The Bill proposes to register real estate agents which have hitherto been un-regulated, with clear responsibilities and functions, thereby leading to money trail and curbing money laundering. The Bill aims to ensure consumer protection, by making it mandatory for promoters to register all projects, prior to sale; and only after having received all approvals from development/municipal authorities thereby protecting buyer investments. The Bill will promote transparency and fair and ethical business practices , relating to transactions, through disclosure of project details and contractual obligations vis--vis the project and the buyer, promoting informed choice for the buyers. This will substantially reduce the power asymmetry prevalent in real estate transactions.

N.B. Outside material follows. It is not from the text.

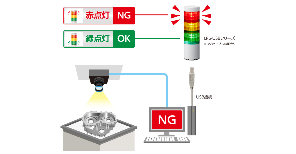 検査工程のポカよけ お客様の課題 OK/NG判定をPC画面表示しているが、見落とすことがあり不良品が流出してしまう。 パトライトのご提案 OK/NG判定が光と音でできるので作業しながらでも気づくことができ、見落とし防止につながり、不良品の流出防止ができます。 システムイメージ 無料サンプル貸出サービスはこちら 購入はこちら PATLITE SHOP 使用製品 LR6-USB 積層信号灯(Φ60mm)(USB制御)シグナル・タワー®

The Bill seeks to establish a regulatory oversight mechanism, through Real Estate Authority(s) and Appellate Tribunal in the States, to enforce accountability norms for the promoter buyer and the real estate agents. The Bill will infuse professionalism and promote planned development of the real estate sector through the promotional role of the Regulatory Authority. The Bill will ensure timely completion of projects, and prevent fund diversion . The Bill provides for a speedy and specialized adjudication mechanism to settle disputes between the promoter, buyer and real estate agents, thereby de-clogging the civil courts and consumer forums, from disputes in the real estate sector. The Bill will catalyze domestic and foreign investment into the sector , thereby contributing to enhanced activity, and increase in GDP growth.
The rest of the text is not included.